Collection entries:
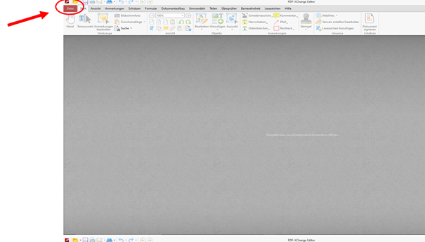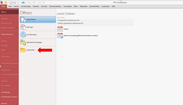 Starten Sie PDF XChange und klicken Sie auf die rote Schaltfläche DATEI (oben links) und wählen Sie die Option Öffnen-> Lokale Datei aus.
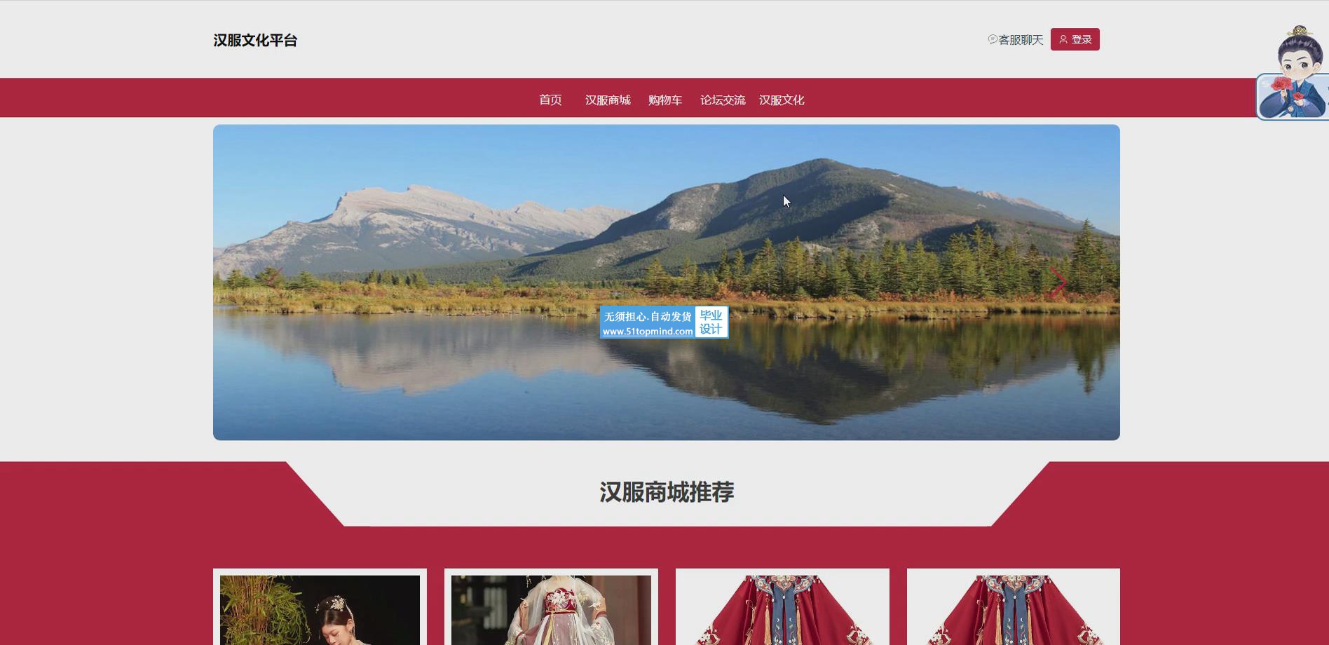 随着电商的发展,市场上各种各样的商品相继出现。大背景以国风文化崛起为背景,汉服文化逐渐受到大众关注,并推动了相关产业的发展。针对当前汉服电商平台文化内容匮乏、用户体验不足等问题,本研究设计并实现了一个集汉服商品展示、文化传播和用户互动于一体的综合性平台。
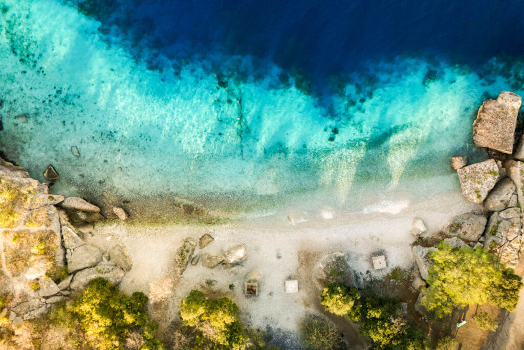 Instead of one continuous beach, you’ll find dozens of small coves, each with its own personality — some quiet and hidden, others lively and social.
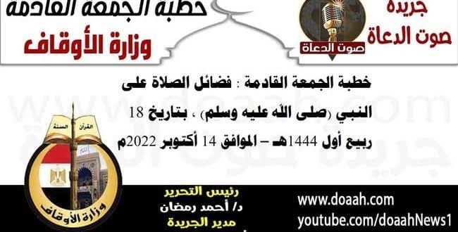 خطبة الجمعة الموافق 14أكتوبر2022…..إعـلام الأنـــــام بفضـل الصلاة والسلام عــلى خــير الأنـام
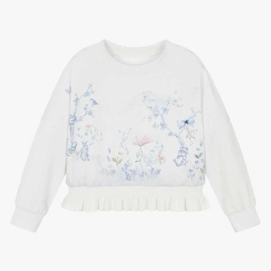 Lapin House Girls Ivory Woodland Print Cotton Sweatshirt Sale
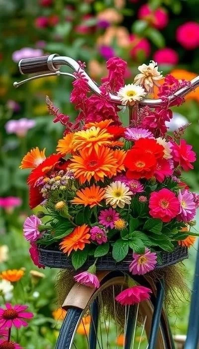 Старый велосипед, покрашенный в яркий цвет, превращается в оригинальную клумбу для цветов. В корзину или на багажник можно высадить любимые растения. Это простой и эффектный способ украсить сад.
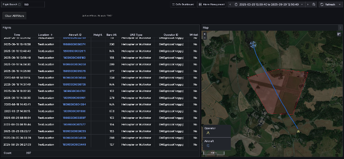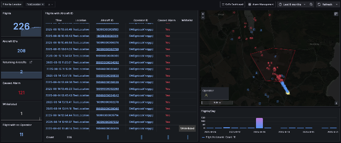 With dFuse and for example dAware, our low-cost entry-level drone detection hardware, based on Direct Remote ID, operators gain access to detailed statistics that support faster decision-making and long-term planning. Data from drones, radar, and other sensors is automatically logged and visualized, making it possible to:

* _What is needed_
What the answer needs is every line from the one containing "Старый велосипед, покрашенный" through the final line of the data above, copied exactly, without pictures.

* _Task result_
 Старый велосипед, покрашенный в яркий цвет, превращается в оригинальную клумбу для цветов. В корзину или на багажник можно высадить любимые растения. Это простой и эффектный способ украсить сад.
 With dFuse and for example dAware, our low-cost entry-level drone detection hardware, based on Direct Remote ID, operators gain access to detailed statistics that support faster decision-making and long-term planning. Data from drones, radar, and other sensors is automatically logged and visualized, making it possible to:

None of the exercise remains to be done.